When I was trained as a health communication scholar, much of my learning was based on the model of individual behavior change, defining communication as messages directed at raising awareness, changing attitudes, and promoting healthy behaviors. This line of health communication scholarship has had a long history, having been applied to create and strategically disseminate health messages to target populations.

My ongoing journey in collaborating with communities at the margins taught me that the problem of health inequalities that I was grappling with were much more to do with existing structural inequalities that constitute health than to do with the absence of knowledge, attitudes, and individual behaviors. Although communication as message could indeed be directed at target populations, such a narrow framework of communication did not really address the larger structural inequalities, the inequality in income distribution, the absence of structural resources, the poverty of neighborhoods, the racist stigmas that constituted how those at the margins experienced health.

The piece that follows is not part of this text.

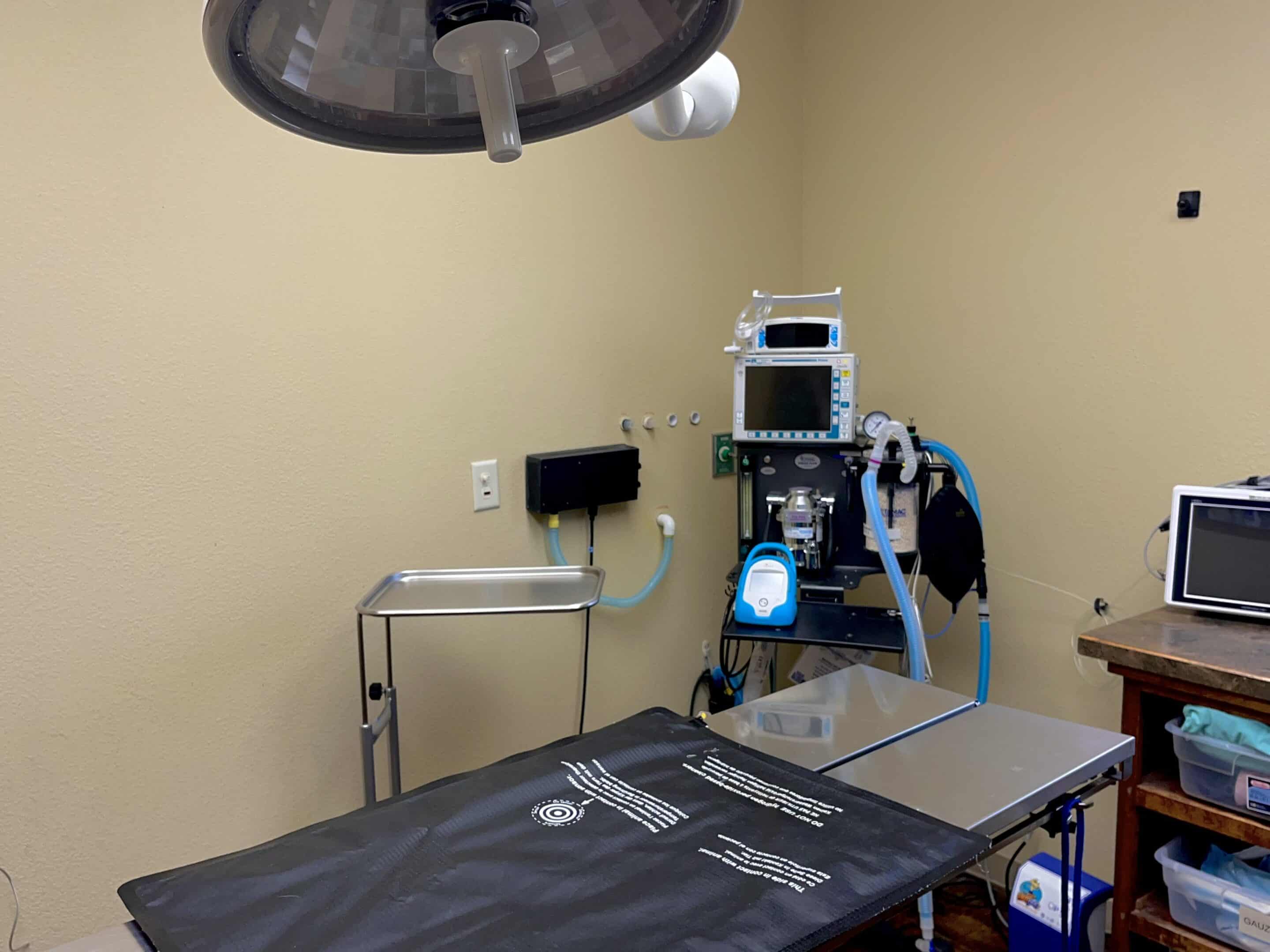 Our surgery suite hosts multi-parameter monitoring that allows us to measure many of the same vitals that are used during human anesthesia.  We have a dedicated nurse monitoring our patients at all times. Patient warming devices and IV fluids are an important component to our surgical procedures.

Health inequalities I came to understand are inequalities in the distribution of economic resources; access to basic resources such as housing, food, and unemployment; and access to everyday services for health. Health inequalities I also learned are communicative inequalities, the absence of communicative opportunities for recognition and representation among the marginalized.

I came to learn that health inequalities are perpetuated by undemocratic structures that devalue the poor, treat the poor as passive targets, and systematically erase opportunities for the poor to participate in decision-making that shapes the nature of solutions being developed. The devaluing of the poor is rooted in undemocratic processes that undermine the capacity of the poor to develop meaningful solutions.

The journey of the CCA thus became one of collaborating with communities at the margins to co-create democratic spaces of participation that are grounded in the everyday rationalities of the poor. These democratic infrastructures enable the articulation of solutions from designing educational resources to advocating for just pay to building community hospitals through the participation of the poor in creation of the solutions. Health inequalities are thus addressed by acknowledging the deep seated communicative disenfranchisements that the poor experience and by seeking to transform these disenfranchisements through community advocacy.